Der Ständerat verlangt vom Bundesrat eine umfassende Strategie zur Bekämpfung von Deepfake-Pornos und Sextortion.

Kinder Internet
Die geforderte Strategie soll insbesondere den Schutz von Kindern und Jugendlichen berücksichtigen. (Symbolbild) - keystone

Er hat am Donnerstag gegen den Willen der Landesregierung eine Motion von Fabio Regazzi (Mitte/TI) mit 36 zu 9 Stimmen angenommen. Nun ist der Nationalrat am Zug. Regazzi verlangt ein koordiniertes Vorgehen gegen den Missbrauch von Bildmaterial und die Erpressung mit intimen Bildern.

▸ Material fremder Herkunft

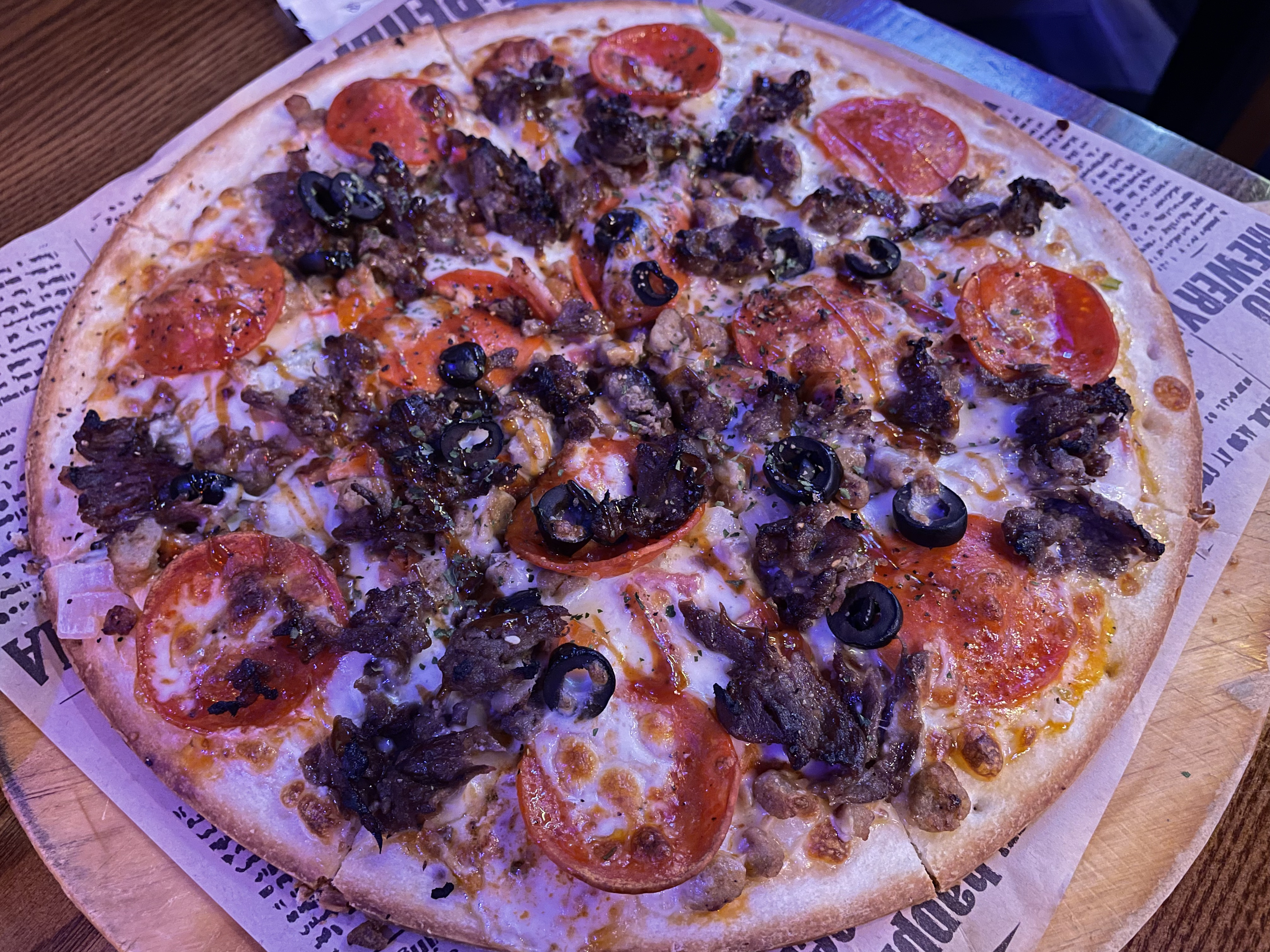 페퍼로니와 불고기, 올리브 등등 토핑이 가득 올라가 있다.
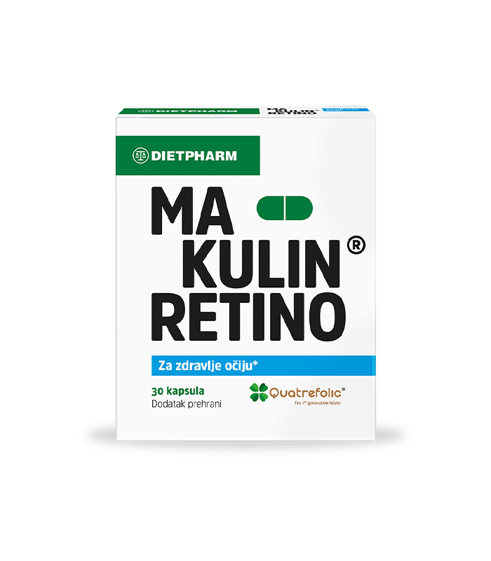 Makulin® Retino je dodatak prehrani sa snažnom kombinacijom luteina, zeaksantina, rutina, aktivnog folata, vitamina B1, B6 i B12 te cinka i selena za zdravlje i zaštitu struktura oka, osobito mrežnice.

Die geforderte Strategie soll insbesondere den Schutz von Kindern und Jugendlichen berücksichtigen. Bei der Koordination von Prävention, regulatorischen Massnahmen und Strafverfolgung gebe es grosse Lücken.

Nationale Cyberstrategie unzureichend

Die nationale Cyberstrategie nehme weder das Problem der Bildmanipulation noch die Cyberpädokriminalität auf. Der Schutz vor massiven Persönlichkeitsverletzungen und pädokrimineller Gewalt im Netz durch manipulierte Bilder müsse umfassend gedacht werden.

Justizminister Beat Jans verwies vergeblich auf das «heute schon breite Instrumentarium» von Kantonen und Bund bei der Bekämpfung dieser kriminellen Netz-Inhalte. Der Bundeshalt sehe deshalb keinen Bedarf nach einer Strategie zu einem einzelnen Thema im Bereich der Cyberkriminalität.